Like all foods, there might not be anything wrong with giving cat food to your dog. It all depends on *exactly* what is in it and what's not.

Craig


----------



## Bart Karmich (Jul 16, 2010)

Craig Snyder said:


> The extra proteins of the cat food normally would mean more calories by weight. So if fed cat food, you'd probably have to cut back the quantities.


This is what I'm specifically looking for. With Orijen dog food I end up feeding 5 cups to get enough calories to prevent weight loss. This overfills my dog and leaves less appetite. With 600 kcal/cup, I could cut it down to 4 cups which is a more appropriate portion for a medium shepherd size dog. The additional calories of the cat food are from meat-sourced protein and fat. It has both more protein and more fat than most performance dog foods.


----------



## Joby Becker (Dec 13, 2009)

what about everything else, how does that compare?


----------



## Bart Karmich (Jul 16, 2010)

It's hard to tell just by looking at ingredient lists and nurtitional analysis. It's meat. The calcium to phosphorous ratio should be about the same, and I don't think much of supplemental vitamins. The meat has what the animals primarily need and if its meat sourced and not byproducts it should be good. From what I can tell, the difference is the cat food has less carbs, no potatoes or any kind of cereal fillers. It has added taurine because of cat's needs. That's about all I can tell from labels.

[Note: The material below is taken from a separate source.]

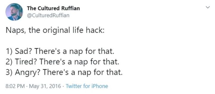 “Naps, the original life hack: 1) Sad? There’s a nap for that. 2) Tired? There’s a nap for that. 3) Angry? There’s a nap for that.”
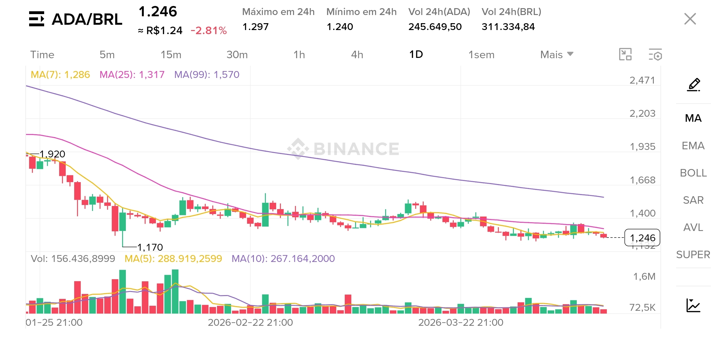 Com base na análise técnica do gráfico de ADA/BRL, o ativo está em uma tendência de baixa, operando abaixo das principais médias móveis.

Keep in mind I'm comparing Orijen and EVO cat foods here, not just your average kitty litter. At about $90 for 30# (two 15# bags), it's a little pricier than the dog kibble but still quite a bit less what I pay for raw or THK (which has a ton of plant fillers).


----------



## mel boschwitz (Apr 23, 2010)

Cant add anything about feeding cat food to dogs, but where are you located that you cant feed a raw diet for cheaper than high quality kibble? You are basically paying $3/lb, which is more than most people need to pay to feed raw. Unless you are in an area where meat is extremely pricey? I'm not saying raw is better than what you are feeding, just wondering bout the prices.


----------



## Maren Bell Jones (Jun 7, 2006)

As a general rule, dogs can eat cat food, but cats should not eat dog food due to the taurine levels. One exception that was specifically designed this way is the EVO 95% canned food line. They put adequate taurine in the dog labeled 95% canned food so that cats can eat it too. This is actually how I feed my cats since a can of the 95% turkey/chicken is about $2 a can for the large dog labeled cans and the store I buy it from doesn't carry the large cat labeled cans. 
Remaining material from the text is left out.